[EXTRACTED INFORMATION]:

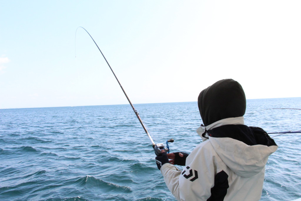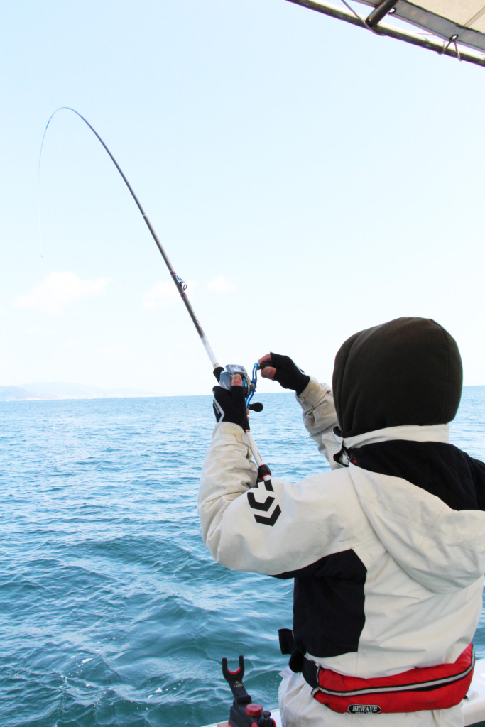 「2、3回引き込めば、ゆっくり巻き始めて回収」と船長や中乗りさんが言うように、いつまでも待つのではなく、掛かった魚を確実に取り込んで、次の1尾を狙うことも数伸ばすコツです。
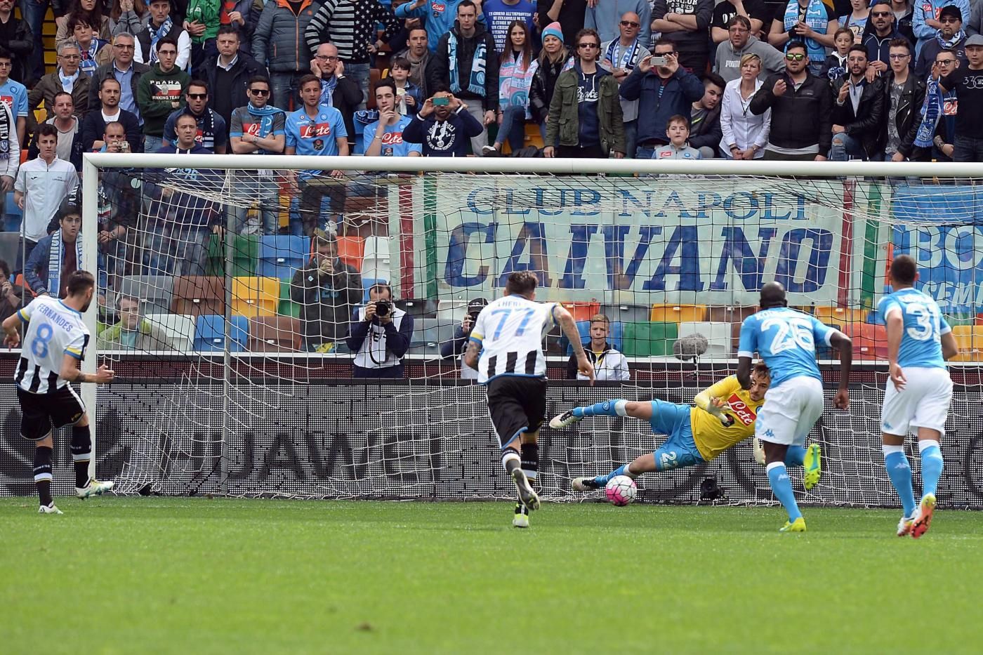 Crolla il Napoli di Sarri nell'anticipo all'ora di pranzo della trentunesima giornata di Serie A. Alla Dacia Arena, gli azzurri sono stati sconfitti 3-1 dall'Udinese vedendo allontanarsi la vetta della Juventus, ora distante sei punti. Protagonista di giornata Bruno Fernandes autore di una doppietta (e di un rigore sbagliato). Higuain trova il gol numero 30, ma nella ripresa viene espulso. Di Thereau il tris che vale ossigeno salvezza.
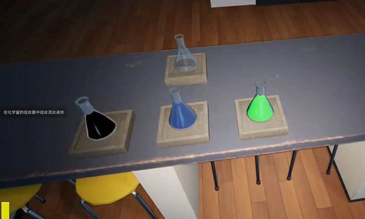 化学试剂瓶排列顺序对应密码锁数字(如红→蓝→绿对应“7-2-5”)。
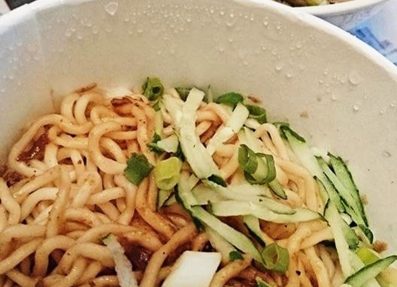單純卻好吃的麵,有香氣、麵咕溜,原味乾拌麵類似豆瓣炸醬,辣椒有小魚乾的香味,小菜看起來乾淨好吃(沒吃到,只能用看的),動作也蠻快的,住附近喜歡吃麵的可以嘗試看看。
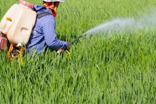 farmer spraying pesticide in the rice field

* * *

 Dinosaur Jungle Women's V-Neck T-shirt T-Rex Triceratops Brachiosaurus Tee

--

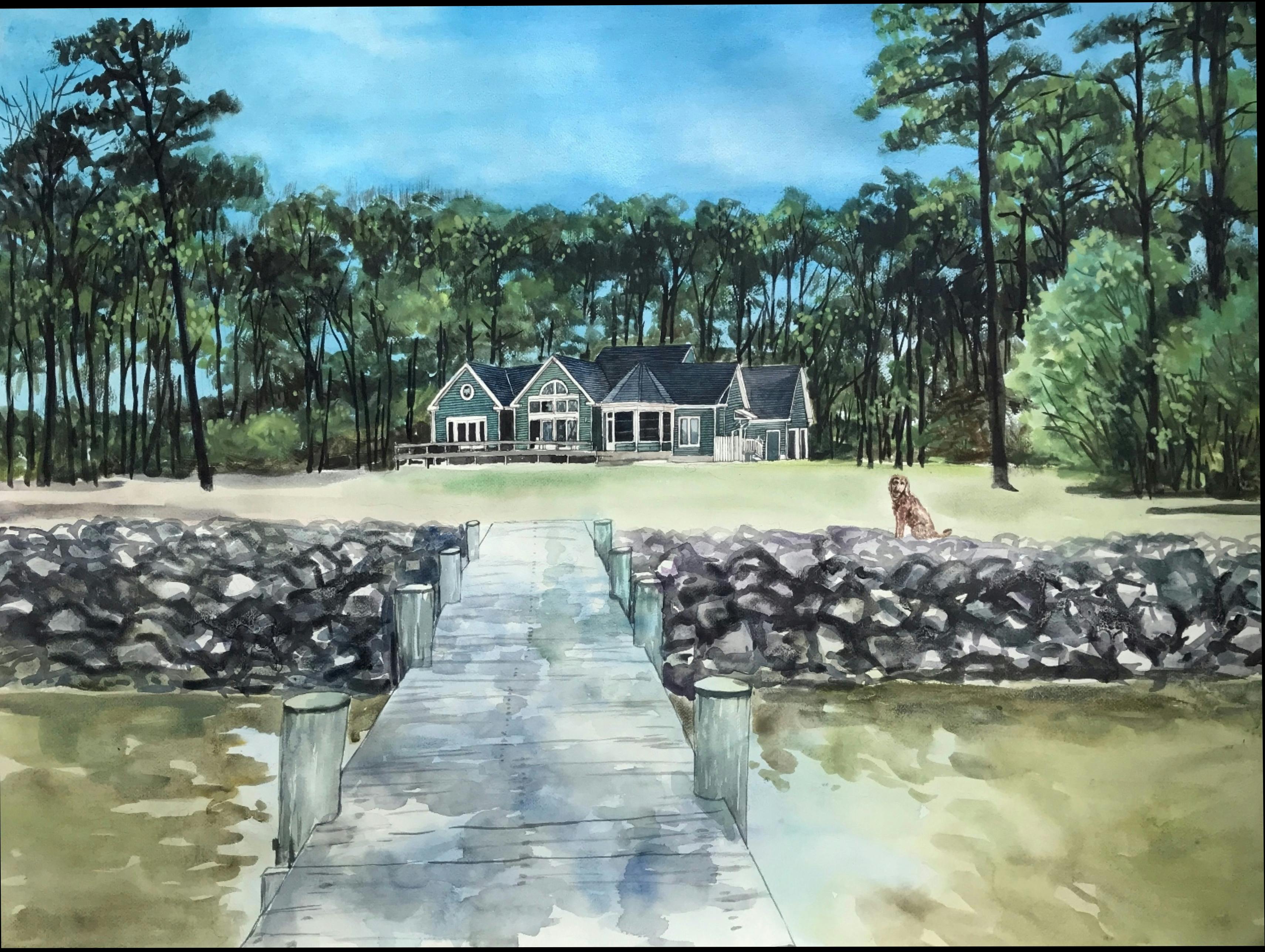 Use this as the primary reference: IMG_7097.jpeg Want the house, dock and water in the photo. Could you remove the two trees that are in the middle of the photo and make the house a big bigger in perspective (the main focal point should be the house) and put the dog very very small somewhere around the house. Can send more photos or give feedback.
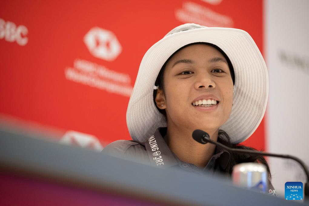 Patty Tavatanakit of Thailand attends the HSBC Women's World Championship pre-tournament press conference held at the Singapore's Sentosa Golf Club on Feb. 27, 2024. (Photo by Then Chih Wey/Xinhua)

[TASK TO CARRY OUT]: Your task is to copy only the lines above starting at the one containing "單純卻好吃的麵,有香氣、麵咕" and ending at the one containing "farmer spraying pesticide in the rice field". Copy them exactly, both ends included, and omit the pictures.

[ANSWER TO THIS PROBLEM]:
單純卻好吃的麵,有香氣、麵咕溜,原味乾拌麵類似豆瓣炸醬,辣椒有小魚乾的香味,小菜看起來乾淨好吃(沒吃到,只能用看的),動作也蠻快的,住附近喜歡吃麵的可以嘗試看看。
 farmer spraying pesticide in the rice field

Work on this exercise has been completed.